# How quickly does fertilizer move through the soil, past the roots, and is all "gone"?



## Rick S (Feb 21, 2021)

How quickly does fertilizer move through the soil, past the roots, and is all "gone"?
I know there are too many variables to answer this; however, Let's say sandy soil that drains well, applying only Urea (which dissolves completely within minutes of seeing water): How many cumulative inches of rain does it take to push the fertilizer down, through, and past the roots - to the point that the grass plant is no longer getting any of it? 
I am curious: When I put down Urea. and have a lot of rain afterwards; after how many inches of rain has it all been flushed down and out - and I can reapply some more Urea?


----------



## Virginiagal (Apr 24, 2017)

No one has answered your question yet and I don't know the answer, but this article seems to address your question:
https://blog-crop-news.extension.umn.edu/2017/06/wet-spring-weather-and-nitrogen-loss.html
I would not apply more just because it rained hard.

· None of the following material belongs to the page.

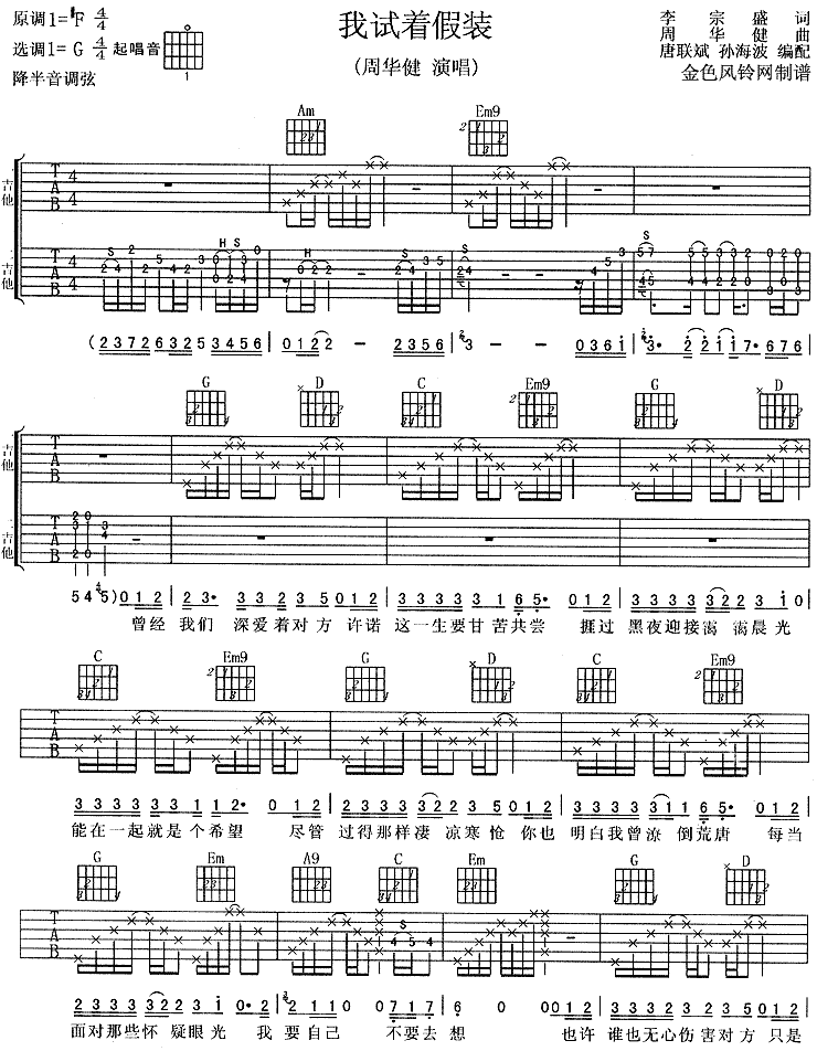 我试着假装吉他谱 - 吉他弹唱谱

If you have sandy soil, it would be a good practice to spoon feed, applying a smaller amount more often. Or you could apply a slow release fertilizer instead of a fast release one.


----------



## ColeLawn (Nov 11, 2020)

Personally, I prefer a heavy rain after putting down Urea. 1) Saves me water, 2) Within 2-3 days you get a massive green up/flush of growth. I don't know how much Urea you're spraying at once, but I've been spoon feeding .25#/1k every 7-10 days, regardless of rain or sun, with great results so far this year.


----------